Sorry, it’s going to be a bit long.

I’m trying to reach performance in Julia for function calls that depends on a variable. It means given a line in my code, I can’t tell which function will be run in advance (I only know its type signature).

So I’ve created a struct type to store the function within it. However, I’m facing performance issues. I’ve made some benchmark in order to investigate.

import Statistics: mean
using BenchmarkTools

# Creation of types that store a Function or a function Symbol.
EdgeTransition = Union{Nothing,Vector{Symbol}}
struct EdgeStruct
    tr::EdgeTransition
    func1::Function
    func2::Function
end
struct EdgeStruct2
    tr::EdgeTransition
    func1::Symbol
    func2::Symbol
end
EdgeTuple = Tuple{EdgeTransition,Function,Function}
EdgeTuple2 = Tuple{EdgeTransition,Symbol,Symbol}

# Function that will be called through an edge object
function f(t::Float64, values::Vector{Float64}, x::Vector{Int}, p::Vector{Float64})
    return (t <= 0.025 && (values[1] < 50.0 || values[1] > 75.0))
end

t = 0.1
values = [100.0, Inf, 0.0]
x = [99, 99, 1, 0] 
p = [1.0, 1.0]

edge_struct_1 = EdgeStruct(nothing, getfield(Main, :f), getfield(Main, :mean))
edge_struct_2 = EdgeStruct2(nothing, :f, :mean)
edge_tuple_1 = (nothing, getfield(Main, :f), getfield(Main, :mean))
edge_tuple_2 = (nothing, :f, :mean)
@assert typeof(edge_struct_1) <: EdgeStruct && typeof(edge_struct_2) <: EdgeStruct2 &&
        typeof(edge_tuple_1) <: EdgeTuple && typeof(edge_tuple_2) <: EdgeTuple2

println("Time execution of f")
@btime f(t, values, x, p)

println("Time execution of f with edges")
println("- Structs")
@btime getfield(edge_struct_1, :func1)(t, values, x, p)
@btime getfield(Main, getfield(edge_struct_2, :func1))(t, values, x, p)

println("- Tuples")
@btime edge_tuple_1[2](t, values, x, p)
@btime getfield(Main, edge_tuple_2[2])(t, values, x, p)
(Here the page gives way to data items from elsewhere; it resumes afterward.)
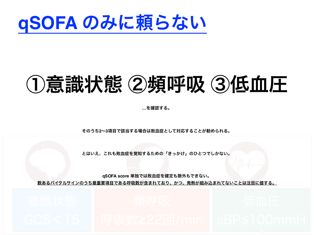 #4. qSOFA のみに頼らない ①意識状態 ②頻呼吸 ③低血圧 …を確認する。 そのうち2〜3項目で該当する場合は敗血症として対応することが勧められる。 とはいえ、これも敗血症を覚知するための「きっかけ」のひとつでしかない。 qSOFA score 単独では敗血症を確定も除外もできない。 数あるバイタルサインのうち最重要項目である呼吸数が含まれており、かつ、発熱が組み込まれてないことは注目に値する。
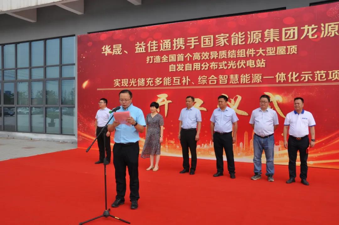 9月27日上午,由益佳通、華晟新能源攜手國家能源集團龍源電力打造的全國首個高效異質(zhì)結組件大型屋頂自發(fā)自用分布式光伏電站項目在益佳通廠內(nèi)隆重舉行開工儀式典禮?,F(xiàn)場參加開工儀式的領導有:宣城經(jīng)開區(qū)黨工委委員,管委會副主任羅正軍、經(jīng)開區(qū)黨工委委員,系統(tǒng)工會主席余紅、投資服務中心主任丁光華、開盛建設投資集團董事長張增華、國家能源集團龍源電力安徽公司副總經(jīng)理孫明、安徽益佳通電池有限公司副總經(jīng)理楊云求、華晟新能源科技有限公司總經(jīng)理徐曉華和各位來賓;開工儀式由華晟新能源總經(jīng)理徐曉華主持。
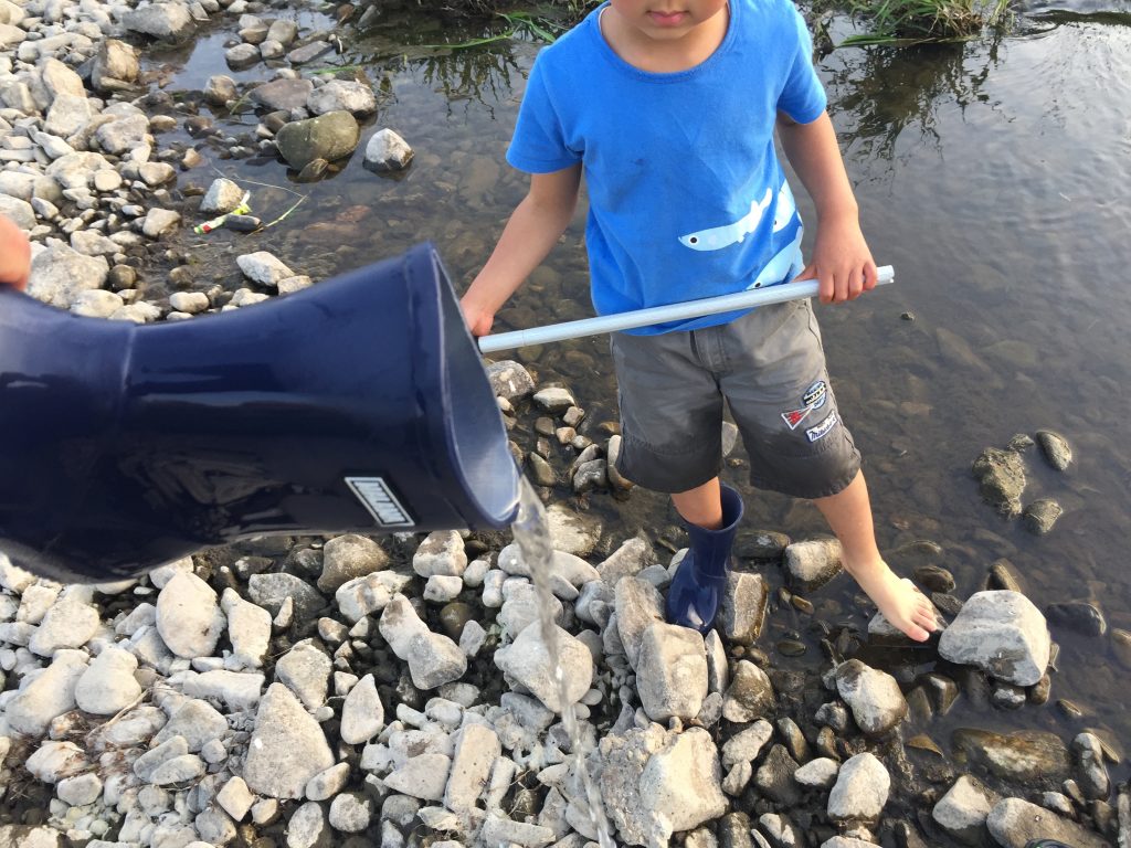我が家でも子供が川へ入りたがります。まだ小学生低学年なので深いところには入っていけないし、ウェーダーなんてありません。ではガサガサするとき、子供に何を履かせればいいか? 迷いどころですね。
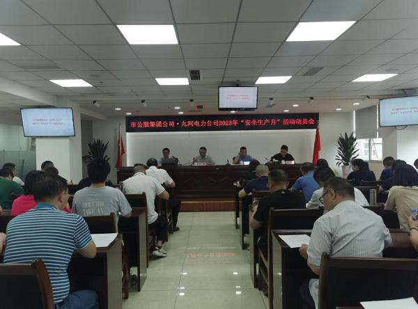 按照国家、省、市和公服集团公司的相关要求202361下午,四川九河电力股份有限公司在公司五楼516会议室组织开展2023年全国22个“安全生产月”活动启动仪式。活动主题为“人人讲安全 个个会应急”,会议以主会场加视频会议形式进行。
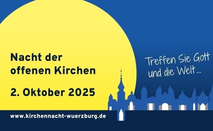 Am 2. Oktober 2025 findet in Würzburg bereits die 18. Nacht der offenen Kirchen statt. In mehr als 15 Kirchen der Würzburger Innenstadt heißt es dann ab 19 Uhr wieder: "Treffen Sie Gott und die Welt!" Ein großes Team hat wieder ein buntes Programm vorbereitet, Gott und die Welt (neu) zu entdecken.
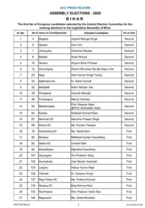 बिहार चुनाव:- कांग्रेस ने 48 प्रत्याशियों की लिस्ट जारी की, बेनीपट्टी से नलिनी रंजन झा व फुलपरास से सुबोध मंडल का नाम शामिल
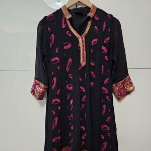 This is a stylish kurta set with a bold black base and vivid pink abstract designs, accented with intricate embroidery. The neckline and sleeve cuffs feature golden and pink embellishments, adding a rich and elegant touch. The hemline is detailed with ornate pink and gold embroidery, enhancing its traditional appeal.
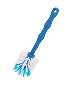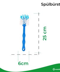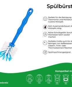 Die Reinigungsbürste für den Mixtopf hat einen Kunststoffgriff und einen Bürstenkopf mit robusten Nylonborsten. Diese sind so ausgerichtet, dass sie jede Stelle des Mixtopfes gut erreichen können. So wird verhindert, dass hartnäckige Speisereste am Boden des Mixtopfes haften bleiben.
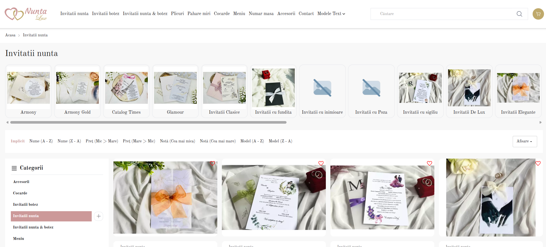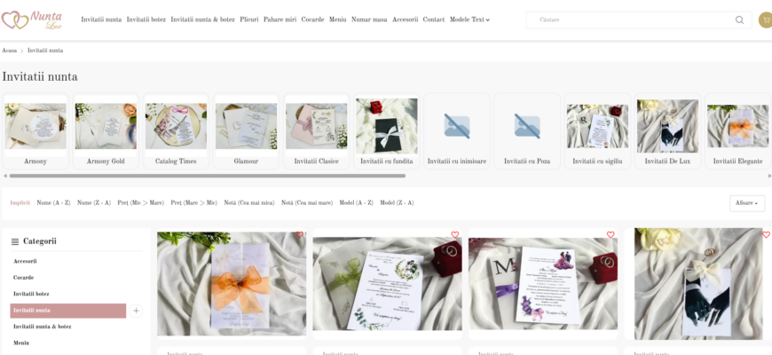 The wedding invitations page from Nunta-Lux is a practical and well-stocked place for browsing invitatii de nunta. The broad variety of styles, the easy filtering and the personalization options make it a solid choice for couples who want real, printed invitations without too much hassle. The page does feel crowded at times, and clearer review signals or better management of unavailable items would improve the experience. But as a working tool for choosing wedding stationery, it gets the job done and gives couples more than enough material to find something that matches their wedding style, budget and personality.
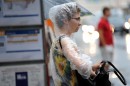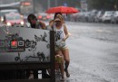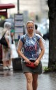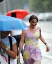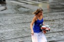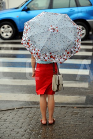Sieviete lietus laikā.
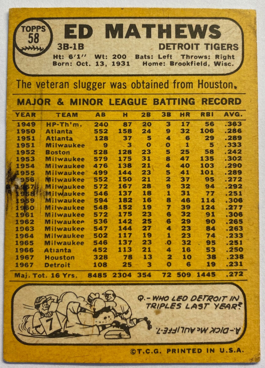 Edwin Lee Mathews was an American Major League Baseball third baseman. He played 17 seasons for the Boston / Milwaukee / Atlanta Braves; Houston Astros and Detroit Tigers
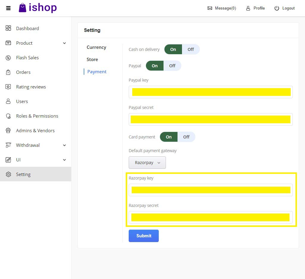 - Choose Razorpay and put the razorpay publishable key and secret key.
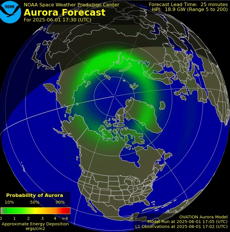 Attualmente abbiamo un brusco calo dell'attività con la tempesta che è scesa da G4 ad un pallido G1, ma di energia ne abbiamo ancora tanta in arrivo e queste "ondate" sono molto capricciose e difficili da interpretare. Sicuramente nelle prossime ore avremo un riacutizzarsi dei fenomeni ma per sapere se effettivamente si tradurranno in qualcosa di spettacolare dovremo attendere la notte.
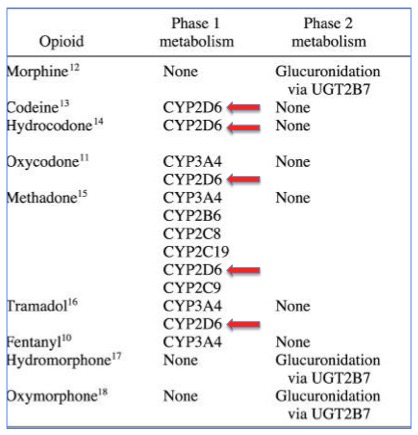 Source: Mayo Clin Proc. 2009 Jul; 84(7): 613–624. Note that CYP2D6 is responsible for the metabolism of most opioids.

println("Time access of variables")
println("- Structs")
@btime getfield(edge_struct_1, :func1)
@btime getfield(edge_struct_2, :func1)
println("- Tuples")
@btime edge_tuple_1[2]
@btime edge_tuple_2[2]

which gives the output:

Time execution of f
  4.466 ns (0 allocations: 0 bytes)
Time execution of f with edges
- Structs
  24.571 ns (0 allocations: 0 bytes)
  46.807 ns (0 allocations: 0 bytes)
- Tuples
  262.293 ns (0 allocations: 0 bytes)
  275.926 ns (0 allocations: 0 bytes)
Time access of variables
- Structs
  10.826 ns (0 allocations: 0 bytes)
  10.826 ns (0 allocations: 0 bytes)
- Tuples
  235.832 ns (0 allocations: 0 bytes)
  237.547 ns (0 allocations: 0 bytes)

I’ve considered four ways of storing a function label in a variable. The best I’ve found so far, according to the BenchmarkTools package, is to create a new struct type, stores the function in a field of type func1::Function and get access to the function via getfield(Main, :func1).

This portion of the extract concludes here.